My wife and I have been separated for 4 months. During the first month, there was a lot of anger and confusion on both our parts on where we wanted to go and what we wanted to do.

The 2nd month got a little better. Communication started opening up and we started getting things out.

The 3rd month, we actually went on a mini-vacation (platonic) with the kids and attended Christmas parties and family gettogethers together (but still stating we were separated to people). 

The beginning for the 4th month, we actually spent Christmas Eve night together with the kids and even slept in the bed together. We cuddled some, but that is it. We went to my family's Christmas lunch together too. New Years Eve, I invited her to come along with my friends and I and she accepted. We had a great time and she even mentioned that had my friends not been with me that she'd have invited me to stay over with her. 

Now, we come to the last week. I asked her if I could take her out for her birthday and she agreed. Well, tonight is the night I'm taking her out and I have planned out a great evening. 

Here's my question... for those of you who have gone through this process successfully, what conversation topics should I go to and which should we avoid tonight? I would prefer to not talk about the kids or the relationship woes... I want this to be a fun evening. I don't want it to be sad/depressing if I can avoid it.

Also, on physical touching? How much is too much for a first date such as this?

I told her that my only expectations for the date was that she have a great time, I get a hug by nights end, and I get a picture of the two of us together to commemorate the evening.

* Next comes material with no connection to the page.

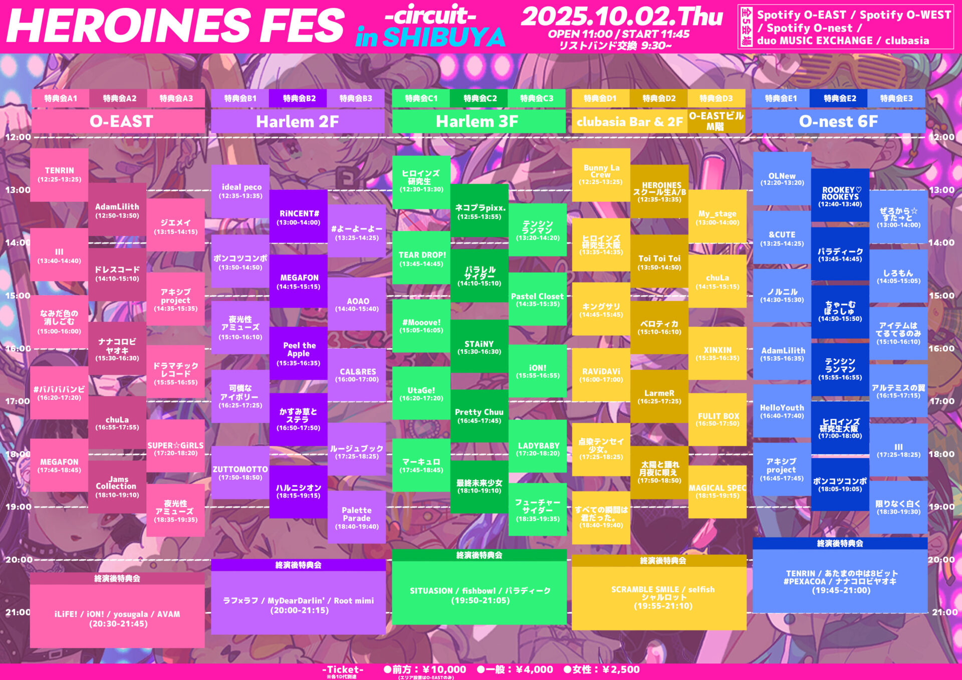 HEROINES FES ~渋谷サーキット~ Spotify O-EAST / Spotify O-WEST / Spotify O-nest / duo MUSIC EXCHANGE / clubasia
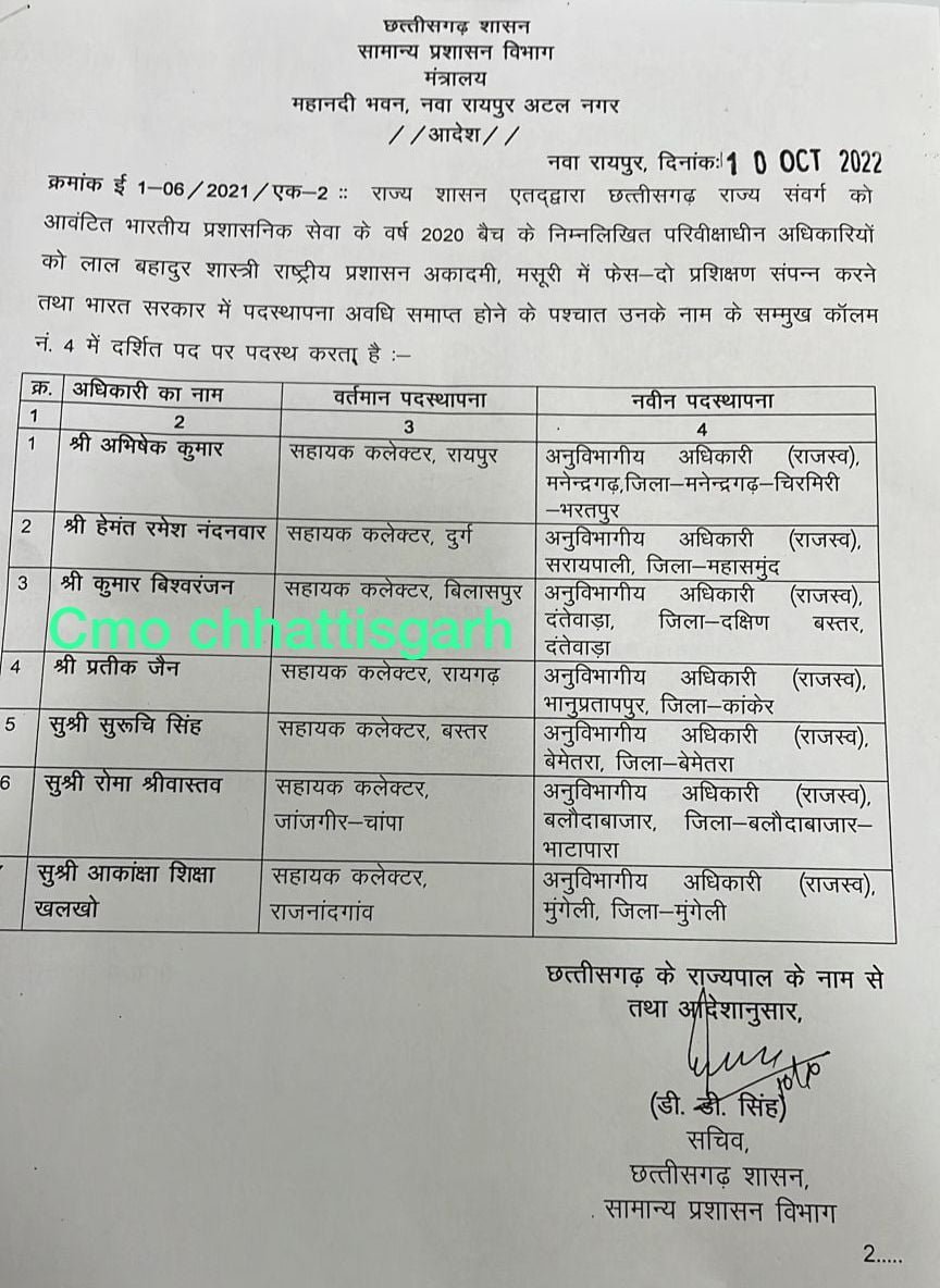 IAS BREAKING : 7 नए IAS अधिकारियों की नवीन पदस्थापना, देखिए सूची

Any advice or insight that you guys might have is appreciated!


----------



## testing123

I can't comment on what kind of conversation topics you should avoid, but I just wanted to post a quick congratulations to you. This must feel great, so happy for you. I'm in the middle of month 2, and I really hope that we will decide to work towards reconciliation, and that it goes as well for us as it has for you.


----------



## asylumspadez

Try to avoid anything that may upset her. Just relax and enjoy the night and see how things work out. Good luck.


----------



## synthetic

This is really encouraging to someone like me

thank u

unfortunately i have no advice to give u as im in the first 4 weeks of my separation and experiencing the unpleasant roller coaster ride. I hope i get to where u are. It feels like a distant dream. Consider urself very forttunate
_Posted via Mobile Device_


----------